__Entries provided__:
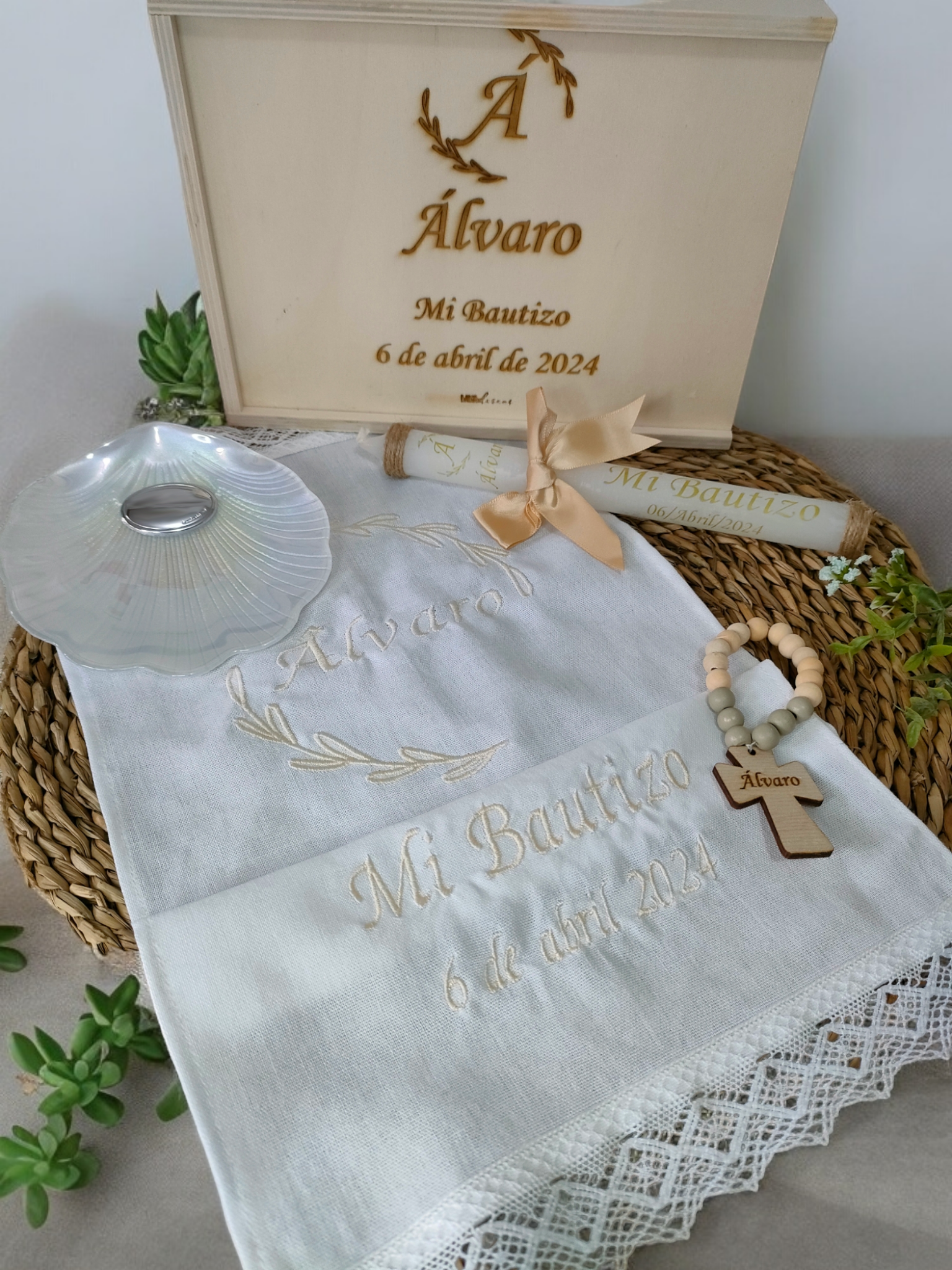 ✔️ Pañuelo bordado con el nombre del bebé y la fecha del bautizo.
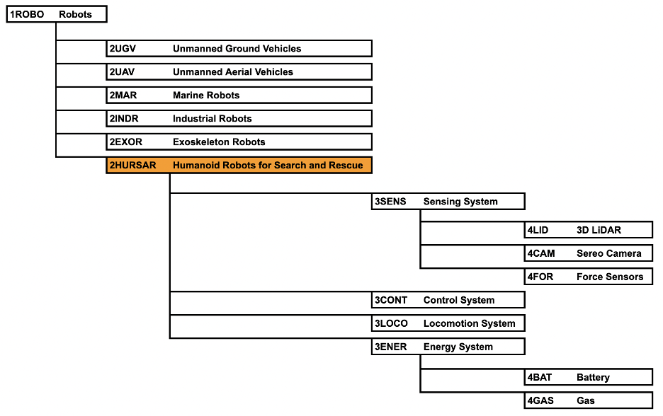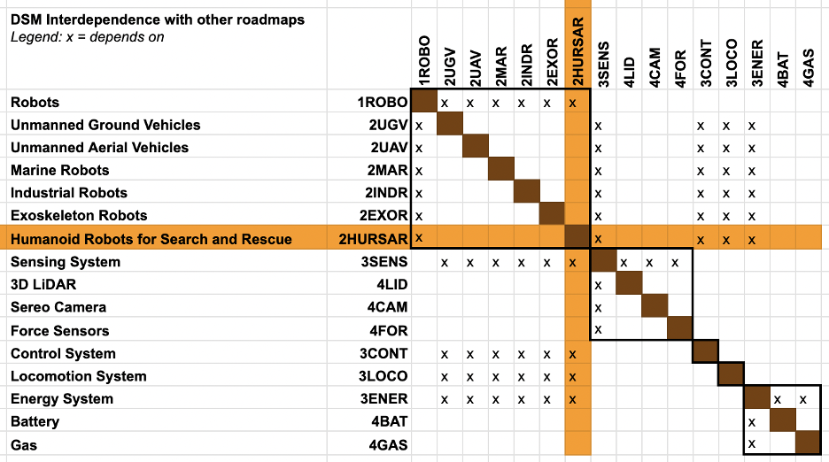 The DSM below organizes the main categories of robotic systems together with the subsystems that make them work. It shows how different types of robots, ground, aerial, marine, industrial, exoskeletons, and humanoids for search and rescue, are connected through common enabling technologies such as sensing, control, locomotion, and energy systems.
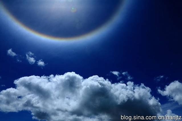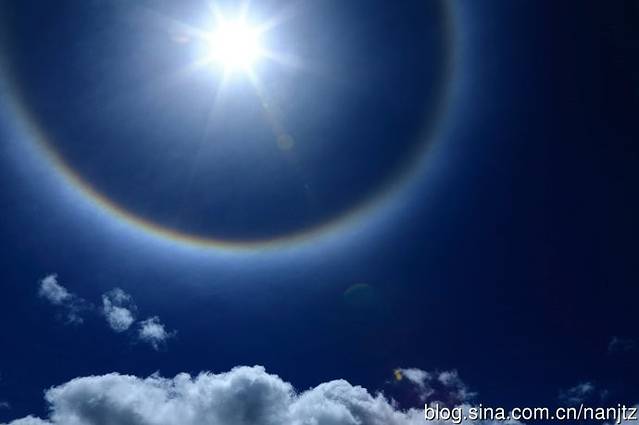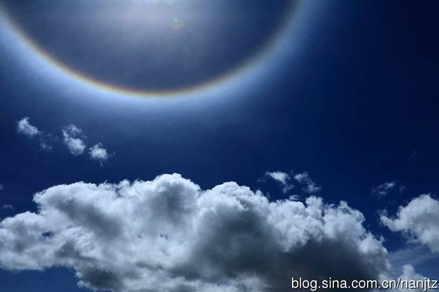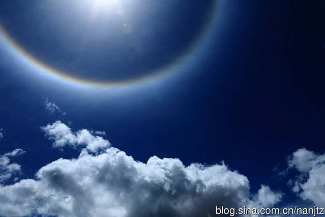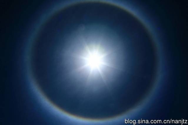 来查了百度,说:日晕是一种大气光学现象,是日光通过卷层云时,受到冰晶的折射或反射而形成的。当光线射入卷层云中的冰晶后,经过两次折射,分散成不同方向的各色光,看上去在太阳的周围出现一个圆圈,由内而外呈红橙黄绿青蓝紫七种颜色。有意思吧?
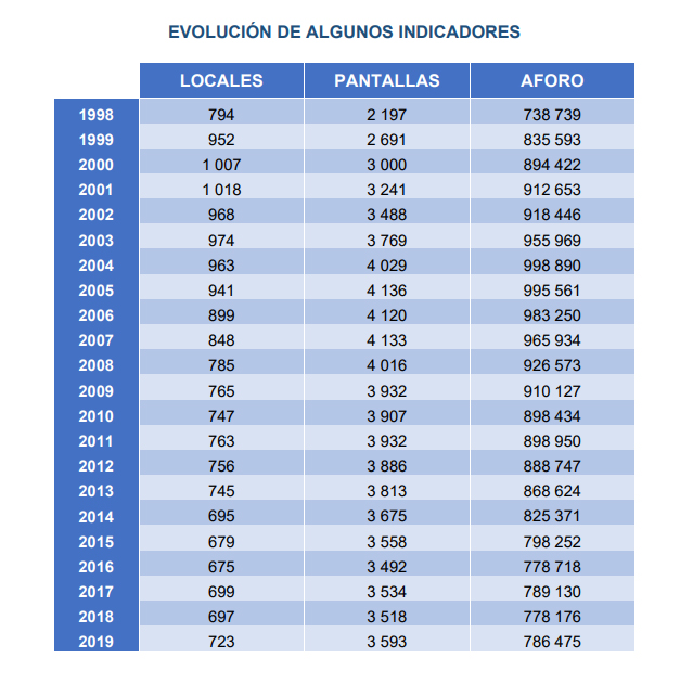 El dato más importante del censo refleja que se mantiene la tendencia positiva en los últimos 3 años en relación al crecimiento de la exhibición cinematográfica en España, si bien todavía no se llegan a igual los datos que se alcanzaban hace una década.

...

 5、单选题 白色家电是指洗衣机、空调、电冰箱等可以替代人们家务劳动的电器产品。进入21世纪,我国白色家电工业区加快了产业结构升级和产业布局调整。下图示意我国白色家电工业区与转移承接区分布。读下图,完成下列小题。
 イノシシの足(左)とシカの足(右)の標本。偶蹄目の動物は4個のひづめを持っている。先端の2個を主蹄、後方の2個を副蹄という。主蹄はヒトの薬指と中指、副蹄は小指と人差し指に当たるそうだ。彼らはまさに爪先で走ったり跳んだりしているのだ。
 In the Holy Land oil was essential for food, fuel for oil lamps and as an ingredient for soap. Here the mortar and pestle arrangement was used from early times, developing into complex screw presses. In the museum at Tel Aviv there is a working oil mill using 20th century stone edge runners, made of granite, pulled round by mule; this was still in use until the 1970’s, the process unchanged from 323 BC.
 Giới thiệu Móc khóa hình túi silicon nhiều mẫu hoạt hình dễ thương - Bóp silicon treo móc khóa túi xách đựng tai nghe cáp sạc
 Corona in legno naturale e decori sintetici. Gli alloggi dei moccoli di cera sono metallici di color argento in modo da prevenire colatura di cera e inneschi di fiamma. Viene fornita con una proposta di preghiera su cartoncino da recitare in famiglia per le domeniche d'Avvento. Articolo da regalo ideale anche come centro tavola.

__Task prompt__: Extract from the listing above the lines between the line containing "5、单选题 白色家电是指洗衣" and the line containing "イノシシの足(左)とシカの足", keeping both of those lines. Output nothing else.

__Exercise response__:
 5、单选题 白色家电是指洗衣机、空调、电冰箱等可以替代人们家务劳动的电器产品。进入21世纪,我国白色家电工业区加快了产业结构升级和产业布局调整。下图示意我国白色家电工业区与转移承接区分布。读下图,完成下列小题。
 イノシシの足(左)とシカの足(右)の標本。偶蹄目の動物は4個のひづめを持っている。先端の2個を主蹄、後方の2個を副蹄という。主蹄はヒトの薬指と中指、副蹄は小指と人差し指に当たるそうだ。彼らはまさに爪先で走ったり跳んだりしているのだ。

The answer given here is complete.